Correlated electron-hole mechanism for molecular doping in organic semiconductors

The electronic and optical properties of the paradigmatic F4TCNQ-doped pentacene in the low-doping limit are investigated by a combination of state-of-the-art many-body \emph{ab initio} methods accounting for environmental screening effects, and a carefully parametrized model Hamiltonian. We demonstrate that while the acceptor level lies very deep in the gap, the inclusion of electron-hole interactions strongly stabilizes dopant-semiconductor charge transfer states and, together with spin statistics and structural relaxation effects, rationalize the possibility for room-temperature dopant ionization.
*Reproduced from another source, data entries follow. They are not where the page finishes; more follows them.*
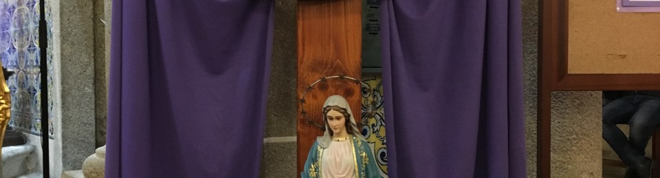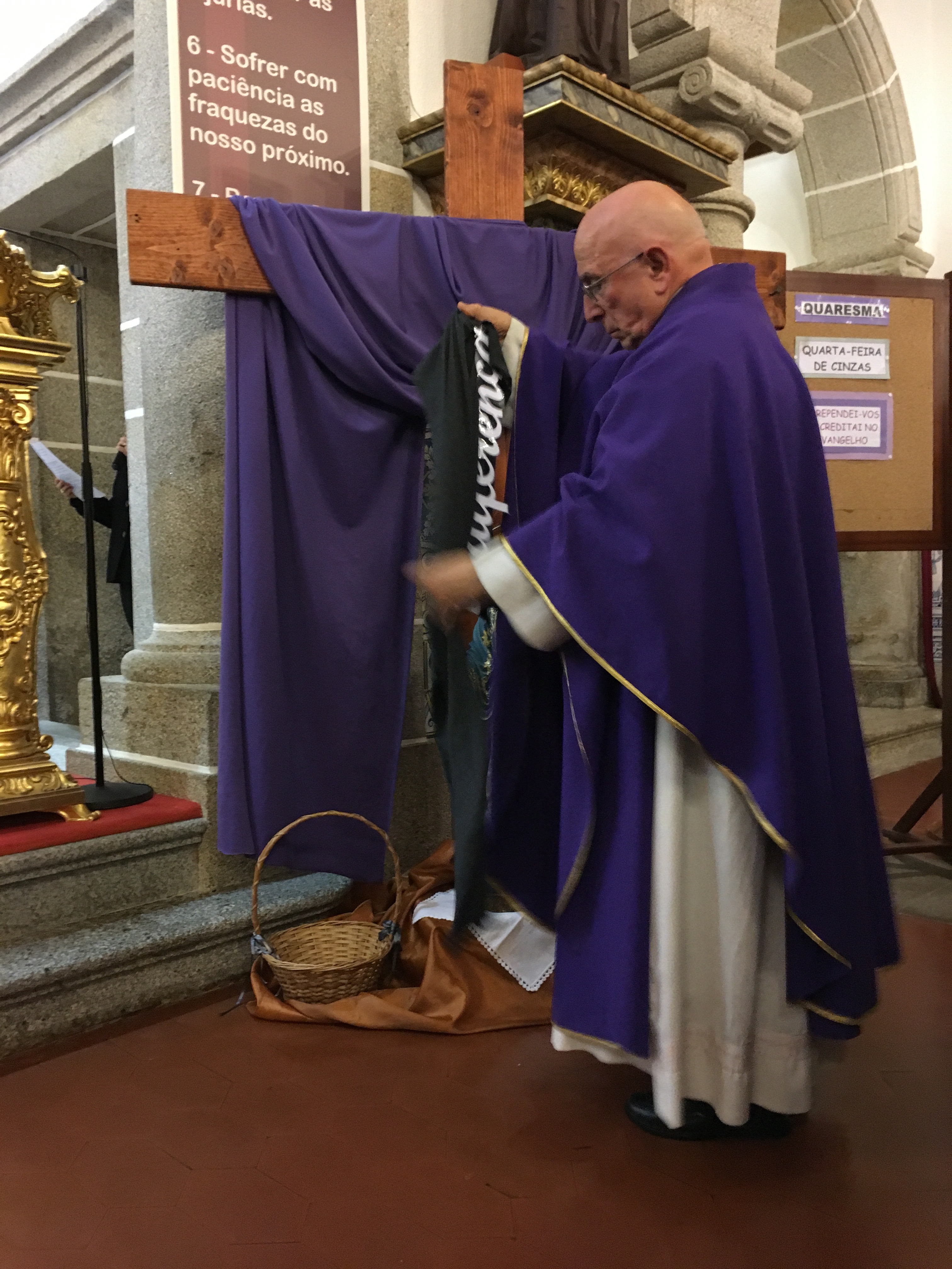 Hoje levaram um pequeno bilhete para registar o compromisso desta semana. Deverão trazê-lo no próximo domingo para colocar junto da Cruz e da imagem de Nossa Senhora que será a nossa medianeira, nosso amparo e guia durante esta Quaresma.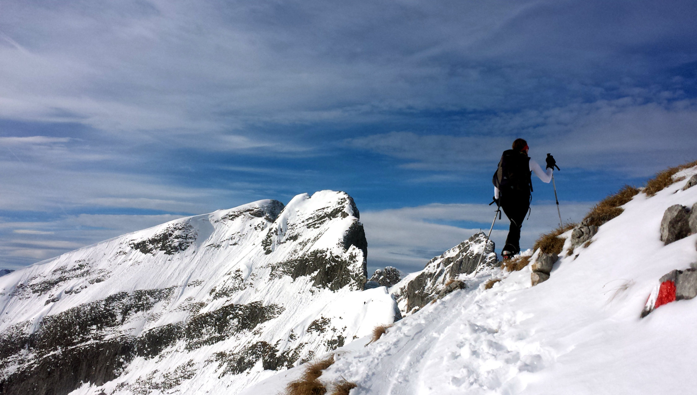 Besonderes: Die Aufstiegspur wurde von den zahlreichen Schneeschuhgehern gründlich umgegraben!!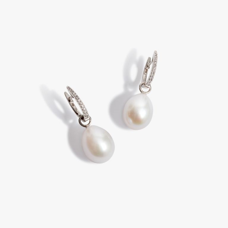 These Annoushka Favourites Pearl Earrings update the classic pearl with a modern edge. Crafted in 18k white gold, diamond Eclipse Hoops hold detachable pearl drops with warm lustre. Globally admired, including by Royalty, they invite creative styling with other interchangeable earrings from the collection.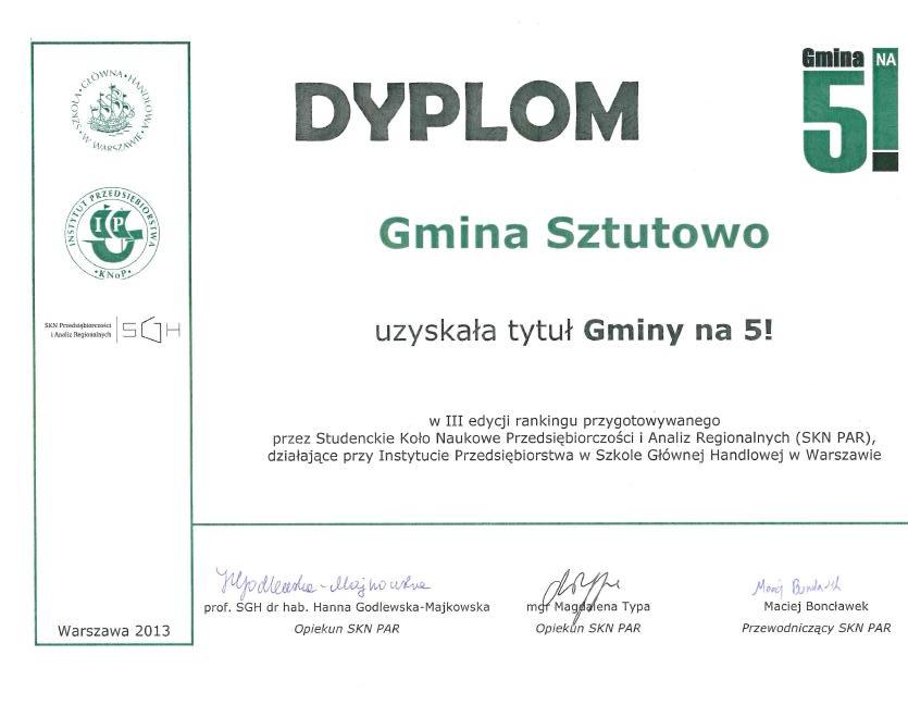 Szkołę Główną Handlową w Warszawie, Gmina Sztutowo uzyskała tytuł Gminy na 5!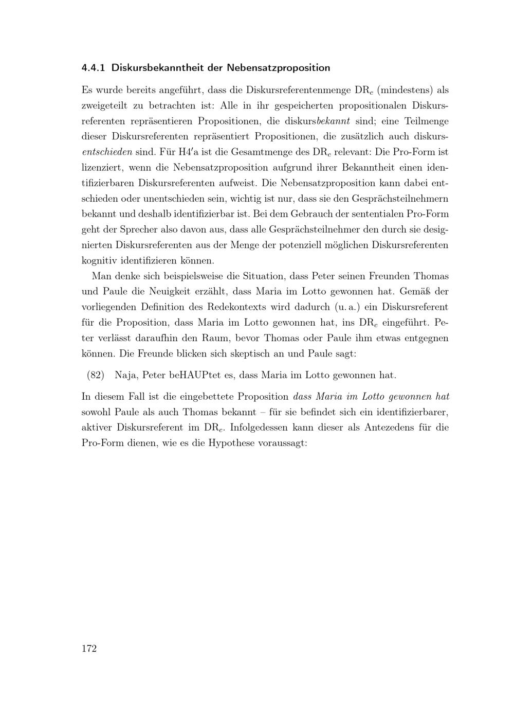 Diskursbekanntheit der Nebensatzproposition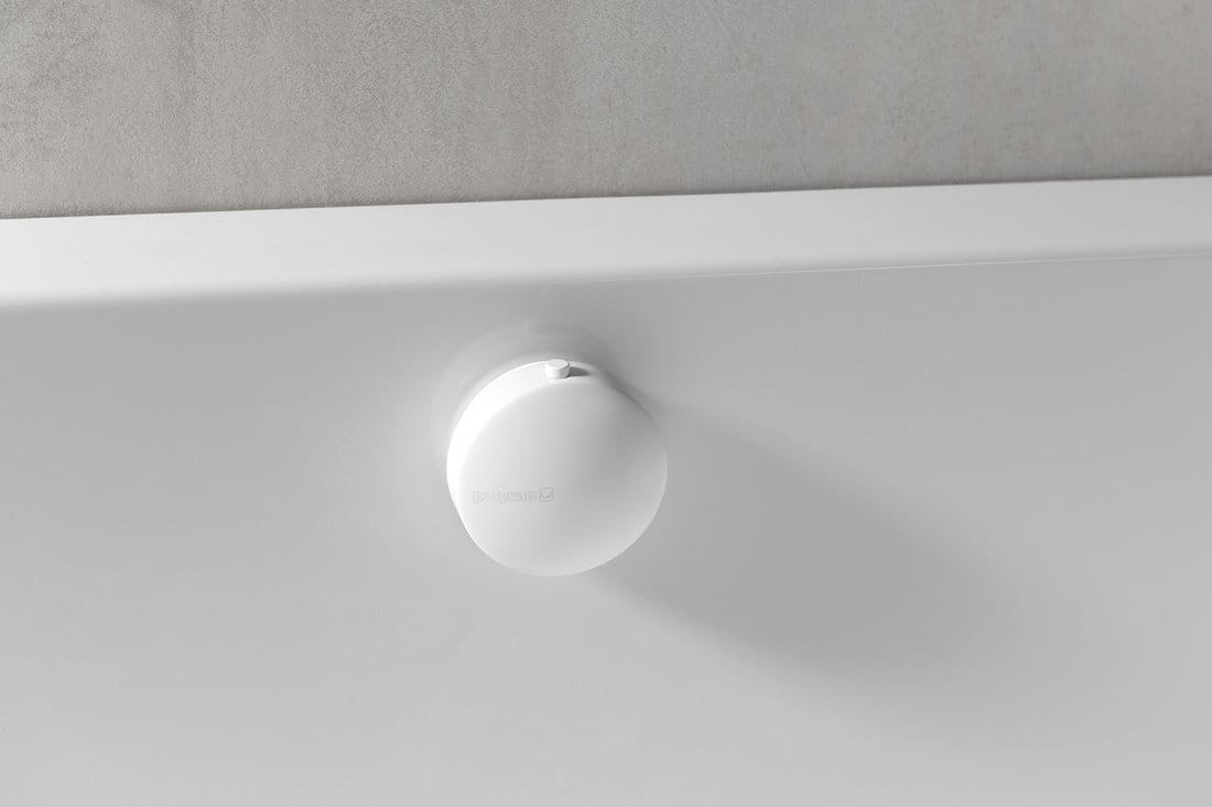 Automatyczny syfon do wanny bez napełniania, w kolorze białym. Sterowanie korkiem syfonu odbywa się za pomocą pokrętła zakrywającego przelew.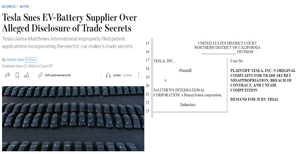 All was well until Matthews allegedly used this proprietary information to file their own patent applications attempting to claim ownership and inventorship of Tesla's trade secrets. This led to the public disclosure of a subset of Tesla's extremely valuable technology, causing direct and serious harm to Tesla’s business. Since discovering Matthews’ improper conduct, Tesla has been working to block and delay publication of the affected applications, and only a subset of Tesla’s confidential information regarding dry-electrode manufacturing has been published thus far.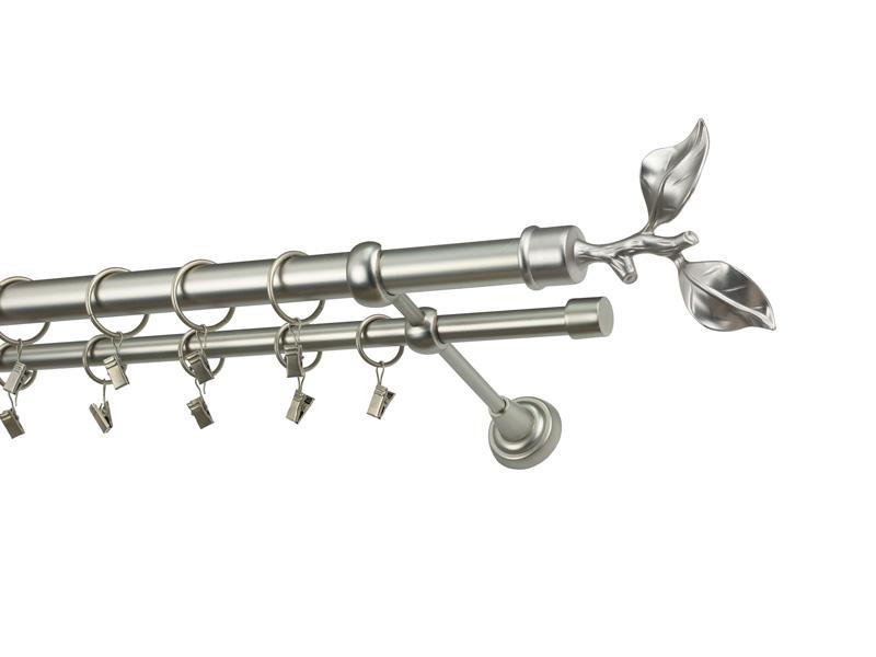 Dvojradová garniža s povrchovou úpravou - odtieň satin-nikel (matné striebro). Celokovové garniže s kvalitnou povrchovou úpravou - galvanické pokovovanie. Galvanické pokovovanie zabezpečuje vyššiu povrchovú tvrdosť, zvýšenú dolnosť voči poškriabaniu, hladký povrch. Dodávané sú v kompletoch.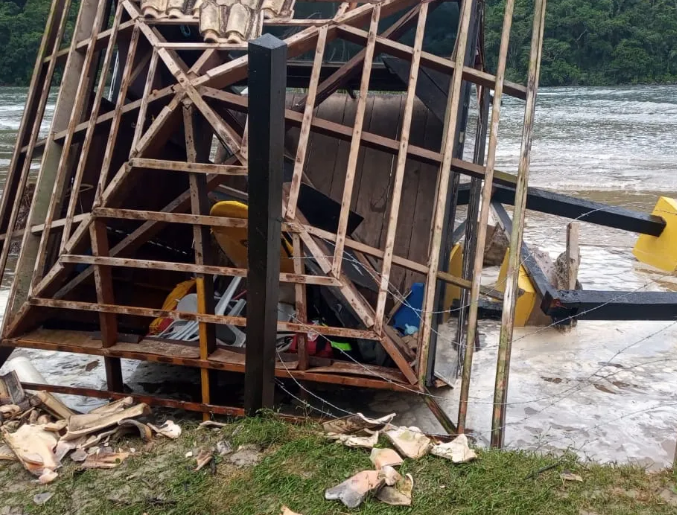 Em Bertioga, um posto de guarda – vidas, tombou com a ressaca. Somente um soldados estava trabalhando no local e não se feriu.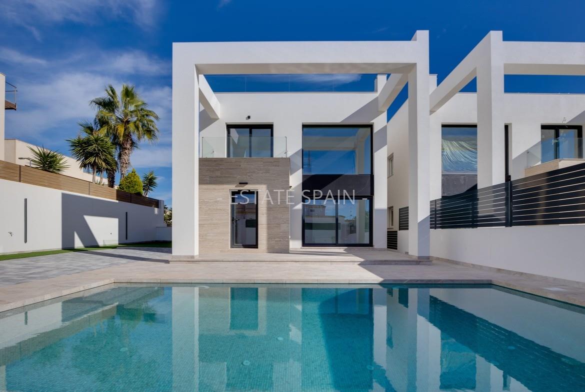 Новая вилла, Коста Бланка. В вилле площадью 238 кв.м есть 4 cпальни, 4 санузла, гостиная и кухня. На территории есть сад.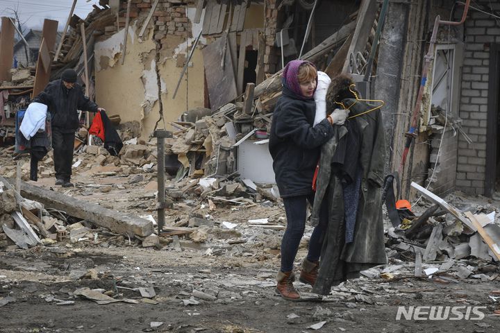 [자포리자=AP/뉴시스] 1일(현지시간) 우크라이나 자포리자 주민들이 러시아군의 로켓 공격으로 폐허가 된 집을 나서면서 소지품을 챙기고 있다. 2023.01.02.
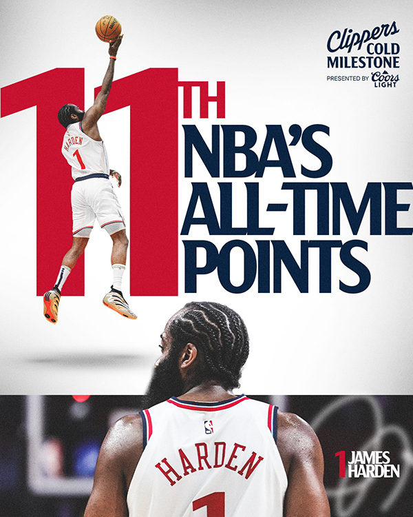 哈登里程碑之夜!常规赛得分超摩西-马龙,现役三甲之列闪耀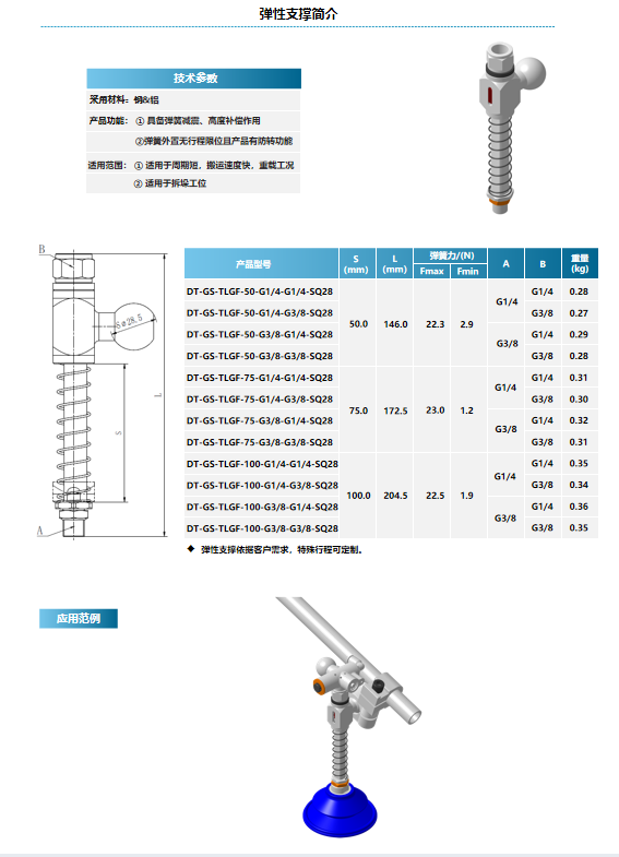 产品功能: ① 具备弹簧减震、高度补偿作用 ②弹簧外置无行程限位且产品有防转功能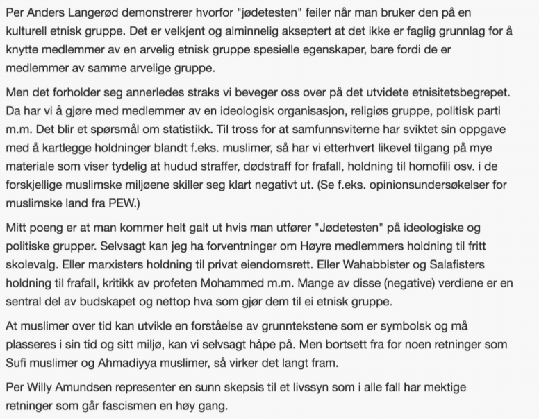 – Du kan kalle meg hylekor, naiv, godhetstyrann eller andre mobbenavn, men sannheten er at Per-Willy Amundsen har krysset en alvorlig grense. Han består ikke jødetesten, skriver Langerød på Twitter i det han linker til egen ytring i Aftenposten.
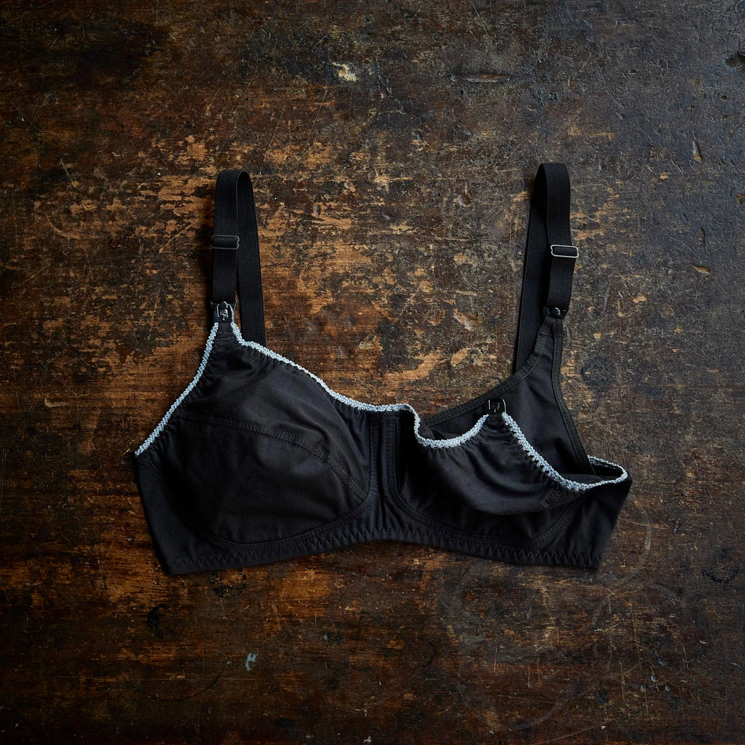 A soft and simple organic cotton nursing bra. Clips at the straps allow for ease of breastfeeding.
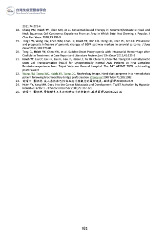 21. Hsieh YY, Liu CY, Lin HN, Liu JH, Gau JP, Hsiao LT, Yu YB, Chiou TJ, Chen PM, Tzeng CH. Hematopoietic Stem Cell Transplantation (HSCT) for Cytogenetically Normal AML Patients at First Complete Remission‐experience from Taipei Veterans General Hospital. The 14th APBMT 2009, outstanding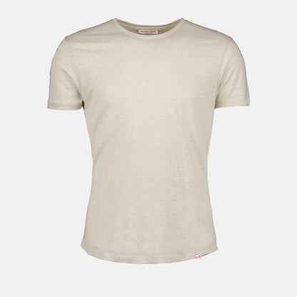 The Orlebar Brown OB-T Linen T-Shirt in a sophisticated beige tone is the epitome of understated luxury. Crafted with precision, this T-shirt offers unparalleled comfort and style, making it a must-have addition to the modern gentleman's wardrobe. Lightweight and breathable, the fine linen fabric ensures you stay cool and elegant in any setting. The minimalist design, combined with the brand's signature attention to detail, showcases an effortlessly chic aesthetic that complements both casual and semi-formal outfits. Elevate your everyday look with this timeless piece from Orlebar Brown.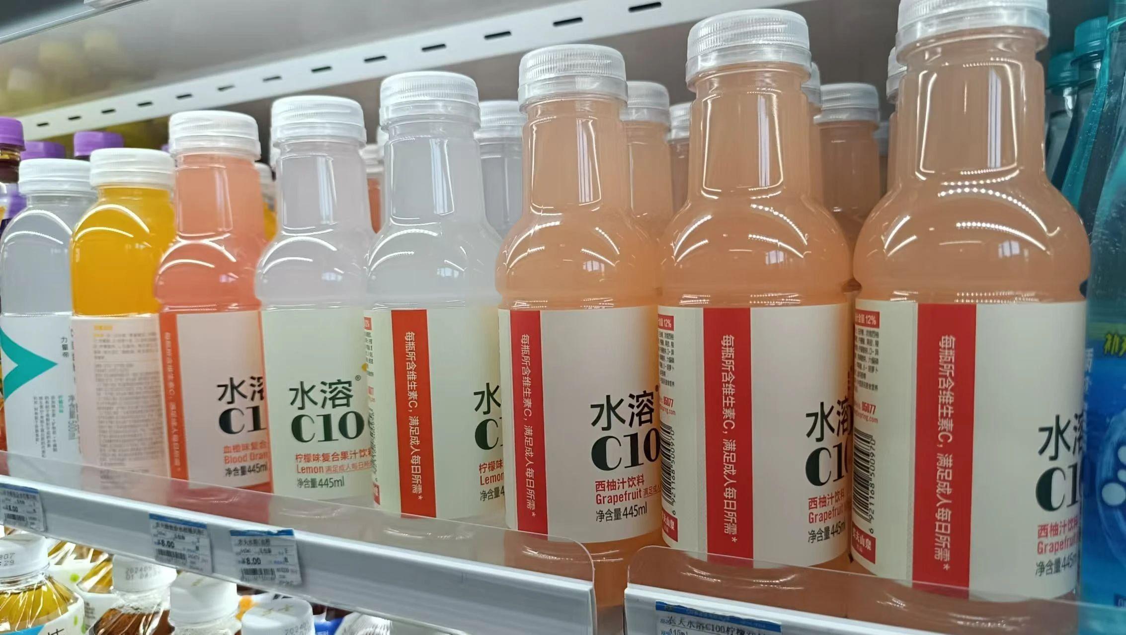 这张照片展示了超市货架上的饮料瓶,排列整齐,色彩丰富。光影效果突出了瓶身的反光,颜色从左到右呈现出渐变的视觉效果,增强了色彩的层次感。背景略微模糊,使得前景的瓶子更加突出。整体氛围轻松且现代,表达了一种消费与日常生活的主题。
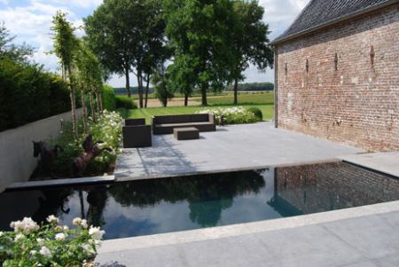 Het terras bestaat uit tegels van ruw gezaagde blauwe steen. Deze afwerking maakt de tegels glad en lichtgrijs van kleur. De boordstenen, de overloop en de rest van het zwembad zijn uitgevoerd in gevlamde blauwe steen. De steen wordt bewerkt met een brander. Door de thermische schok barsten de oppervlaktekorrels open en ontstaat een specifieke textuur. Door deze antislipafwerking is de steen ideaal voor buitengebruik.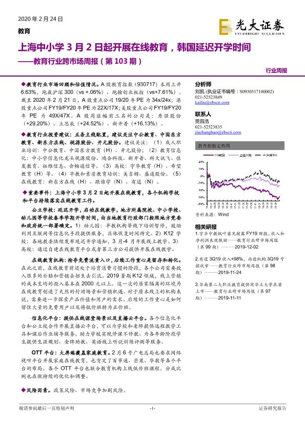 【光大证券】【20200224】教育行业跨市场周报(第103期):上海中小学3月2日起开展在线教育,韩国延迟开学时间-13页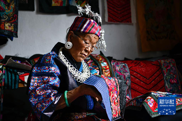在贵州省台江县萃文街道仰黎坊,苗绣传承人潘玉珍在刺绣。新华社记者 杨文斌 摄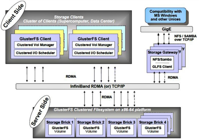 GlusterFS基于可堆叠的用户空间以及无元的设计,可为各种不同的数据负载提供优异的性能。

Our findings reconcile available experimental data, shedding light on the partial vs. full charge transfer scenario discussed in the literature, and question the relevance of the standard classification in shallow or deep impurity levels prevailing for inorganic semiconductors.

Accurate description of charged excitations in molecular solids from embedded many-body perturbation theory

We present a novel hybrid quantum/classical approach to the calculation of charged excitations in molecular solids based on the many-body Greens function GW formalism. Molecules described at the GW level are embedded into the crystalline environment modeled with an accurate classical polarizable scheme. This allows the calculation of electron addition and removal energies in the bulk and at crystal surfaces where charged excitations are probed in photoelectron experiments. By considering the paradigmatic case of pentacene and perfluoropentacene crystals, we discuss the different contributions from intermolecular interactions to electronic energy levels, distinguishing between polarization, which is accounted for combining quantum and classical polarizabilities, and crystal field effects, that can impact energy levels by up to ±0.6 eV. After introducing band dispersion, we achieve quantitative agreement (within 0.2 eV) on the ionization potential and electron affinity measured at pentacene and perfluoropentacene crystal surfaces characterized by standing molecules.

On the nature of the singlet and triplet excitations mediating thermally activated delayed fluorescence (Conference Presentation)

Thermally Activated Delayed Fluorescence (TADF) process is the new paradigm for Organic Light-Emitting Diodes (OLEDs). Despite all the efforts, a complete mechanistic understanding of TADF materials has not been fully uncovered yet. Part of the complexity arises from the apparent dichotomy between the need for small energy difference between the lowest singlet and triplet excited states (EST) which has to carry a significant charge transfer (CT) character; and for a significant spin-orbit coupling which according to El-Sayed rules requires the involved singlet and triplet excited states to have very different natures. In this contribution, we will show: (i) How the nature of these excited can be characterized and how this nature can be tuned by varying the nature of the electron donating (D) or accepting (A) units in D-A(-D) compounds. (ii) How this dichotomy can be resolved once accounting in a fully atomistic model of reference carbazole derivatives for thermal fluctuations of the molecular conformations and discrete electronic polarization effects in amorphous films. For both topics, we will demonstrate that, electronic excitations involved in the TADF process have a mixed CT-locally excited character being dynamically tuned by torsional vibrational modes and that overall, the conversion of triplet-to-singlet is a dynamic process gated by conformational fluctuations.